Limitations & Future Work

  • Experiments use \(k < 500\); scalability to massive dictionaries (similar to SAEs with thousands to millions of features) is not yet verified. Multiplicative Update optimizers do not easily incorporate regularization; future work may need projected gradient descent.
  • Some layers (Gemma-2-2B layer 12) show a drop in performance as \(k\) increases, suggesting that the number of meaningful concepts is fewer than \(k\), requiring automatic \(k\) selection strategies.
  • Evaluation relies heavily on a GPT-4o-mini judge (validated with human Spearman \(\rho=0.8\)), which may still be sensitive to prompts.

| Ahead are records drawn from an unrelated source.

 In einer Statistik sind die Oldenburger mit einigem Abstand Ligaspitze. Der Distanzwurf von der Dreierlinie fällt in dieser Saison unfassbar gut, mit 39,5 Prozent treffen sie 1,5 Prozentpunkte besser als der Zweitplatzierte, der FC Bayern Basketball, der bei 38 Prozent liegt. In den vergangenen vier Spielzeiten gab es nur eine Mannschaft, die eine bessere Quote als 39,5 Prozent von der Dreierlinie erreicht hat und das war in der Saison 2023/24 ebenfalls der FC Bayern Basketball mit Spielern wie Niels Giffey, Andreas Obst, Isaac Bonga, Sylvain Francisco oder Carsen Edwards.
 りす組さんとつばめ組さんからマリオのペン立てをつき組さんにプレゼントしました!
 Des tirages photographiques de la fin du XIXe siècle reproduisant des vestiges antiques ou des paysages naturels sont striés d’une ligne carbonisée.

  • Currently, fluency drops significantly in layer 0 interventions; the "propagation side effects" of shallow steering have not been systematically modeled.
  • vs SAE (Bricken et al. / Gemmascope / Llamascope): SAEs learn directions from the residual stream; they have scale but suffer from causal failure. SNMF decomposes MLP activations directly; it has smaller scale but strong causal grounding. They are complementary—SAE provides breadth, SNMF provides mechanistic anchors.

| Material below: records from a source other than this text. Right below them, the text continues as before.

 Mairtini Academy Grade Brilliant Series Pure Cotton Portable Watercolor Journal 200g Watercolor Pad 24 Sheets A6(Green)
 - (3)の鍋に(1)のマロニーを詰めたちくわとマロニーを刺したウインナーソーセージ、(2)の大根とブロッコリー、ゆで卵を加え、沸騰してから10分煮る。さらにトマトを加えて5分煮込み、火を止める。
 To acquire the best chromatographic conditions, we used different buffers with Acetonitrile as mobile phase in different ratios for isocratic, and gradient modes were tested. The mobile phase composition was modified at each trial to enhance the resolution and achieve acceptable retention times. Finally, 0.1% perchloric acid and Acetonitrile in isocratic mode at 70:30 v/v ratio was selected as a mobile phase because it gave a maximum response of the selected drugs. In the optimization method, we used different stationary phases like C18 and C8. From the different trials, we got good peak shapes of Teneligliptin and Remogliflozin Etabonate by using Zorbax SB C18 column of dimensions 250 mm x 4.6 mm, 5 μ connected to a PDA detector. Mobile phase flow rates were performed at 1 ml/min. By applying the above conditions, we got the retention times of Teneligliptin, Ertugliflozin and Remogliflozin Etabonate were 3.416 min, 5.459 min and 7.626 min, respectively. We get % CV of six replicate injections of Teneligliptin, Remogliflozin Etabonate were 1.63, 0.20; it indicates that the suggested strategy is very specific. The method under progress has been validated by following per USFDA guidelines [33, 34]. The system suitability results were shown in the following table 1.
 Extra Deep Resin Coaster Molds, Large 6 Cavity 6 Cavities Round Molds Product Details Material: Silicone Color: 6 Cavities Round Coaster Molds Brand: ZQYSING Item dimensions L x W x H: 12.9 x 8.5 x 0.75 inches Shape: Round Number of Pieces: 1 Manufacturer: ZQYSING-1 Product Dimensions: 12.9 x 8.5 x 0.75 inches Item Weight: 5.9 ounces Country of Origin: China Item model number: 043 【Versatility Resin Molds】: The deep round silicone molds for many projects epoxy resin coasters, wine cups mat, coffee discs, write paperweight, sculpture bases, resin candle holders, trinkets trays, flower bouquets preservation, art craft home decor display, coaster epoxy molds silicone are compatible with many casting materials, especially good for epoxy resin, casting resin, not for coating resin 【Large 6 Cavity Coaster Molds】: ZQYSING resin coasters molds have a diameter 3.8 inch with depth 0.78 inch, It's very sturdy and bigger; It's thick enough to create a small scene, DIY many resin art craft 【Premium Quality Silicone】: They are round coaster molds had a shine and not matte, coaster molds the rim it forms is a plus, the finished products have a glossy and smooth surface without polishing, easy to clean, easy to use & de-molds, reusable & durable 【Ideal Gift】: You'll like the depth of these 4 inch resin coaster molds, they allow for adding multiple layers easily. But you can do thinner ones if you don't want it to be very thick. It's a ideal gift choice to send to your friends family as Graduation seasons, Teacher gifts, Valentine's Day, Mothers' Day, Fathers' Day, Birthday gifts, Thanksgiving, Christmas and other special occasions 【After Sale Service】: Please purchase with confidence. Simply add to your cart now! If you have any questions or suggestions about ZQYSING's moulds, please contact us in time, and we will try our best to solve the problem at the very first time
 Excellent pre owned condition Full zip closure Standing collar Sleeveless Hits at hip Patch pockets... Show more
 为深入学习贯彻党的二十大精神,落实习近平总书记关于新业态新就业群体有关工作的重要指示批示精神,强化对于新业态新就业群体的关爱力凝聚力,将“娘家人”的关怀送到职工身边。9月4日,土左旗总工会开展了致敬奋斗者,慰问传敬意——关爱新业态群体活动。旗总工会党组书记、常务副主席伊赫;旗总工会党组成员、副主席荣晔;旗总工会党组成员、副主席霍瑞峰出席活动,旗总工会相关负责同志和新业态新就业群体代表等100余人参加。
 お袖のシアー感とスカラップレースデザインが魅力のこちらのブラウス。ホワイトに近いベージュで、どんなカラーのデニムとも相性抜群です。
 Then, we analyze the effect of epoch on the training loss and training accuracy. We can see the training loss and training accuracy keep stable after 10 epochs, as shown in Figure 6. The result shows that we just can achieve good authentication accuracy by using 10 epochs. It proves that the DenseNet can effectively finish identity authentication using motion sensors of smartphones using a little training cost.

  • vs DiffMeans (Supervised Baseline): DiffMeans uses the difference between positive/negative averages to obtain directions and is heavily affected by noise from unrelated concepts; SNMF significantly outperforms it, especially in shallow layers.

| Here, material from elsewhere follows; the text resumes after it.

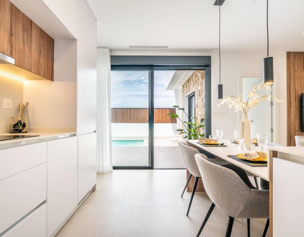 Estas villas de 3 dormitorios y 2 baños, de nueva construcción, situadas en Roldán, Torre-Pacheco, ofrecen un diseño contemporáneo y ecológico, pensado para el confort y el estilo de vida. Construidas en una sola planta, cada vivienda cuenta con un amplio salón-comedor diáfano con una cocina moderna totalmente equipada, que se comunica a la perfección con amplias terrazas y un solárium en la azotea.
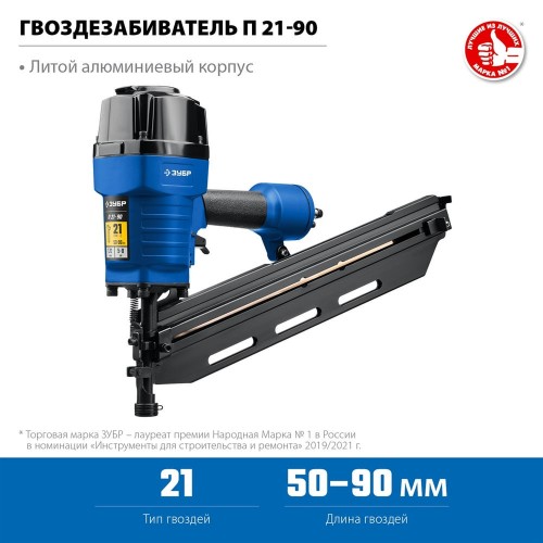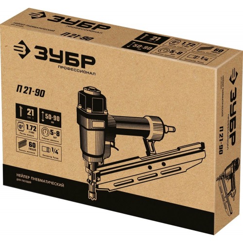 ЗУБР тип 21 (50-90 мм), нейлер (гвоздезабиватель) пневматический для гвоздей 31931

  • vs Yun et al. 2021 (Residual Stream NMF): They performed NMF on the residual stream primarily for linguistic analysis. This work performs SNMF on MLP activations, anchors features to specific neuron combinations, and introduces causal evaluation.
  • vs Cao et al. 2025 (NeurFlow): Also concerns functional clustering of neuron groups; this work applies it to LLM MLPs under unsupervised causal scenarios.

Rating

  • Novelty: ⭐⭐⭐⭐⭐ The combination of SNMF + WTA + recursive hierarchy + token-to-feature mapping is a fresh perspective in the LLM interpretability community.
  • Experimental Thoroughness: ⭐⭐⭐⭐ Three models \(\times\) multiple layers \(\times\) multiple \(k\) \(\times\) causal + detection axes, though \(k\) is small and direct comparisons with large benchmarks like RAVEL / MIB are missing.
  • Writing Quality: ⭐⭐⭐⭐⭐ Clear formulas, detailed appendices (initialization, sparsity, hierarchy datasets), and complete weekday case studies.
  • Value: ⭐⭐⭐⭐⭐ Provides a "MLP-embedded feature" route for the MI community and open-sourced code, offering direct actionable value for future research.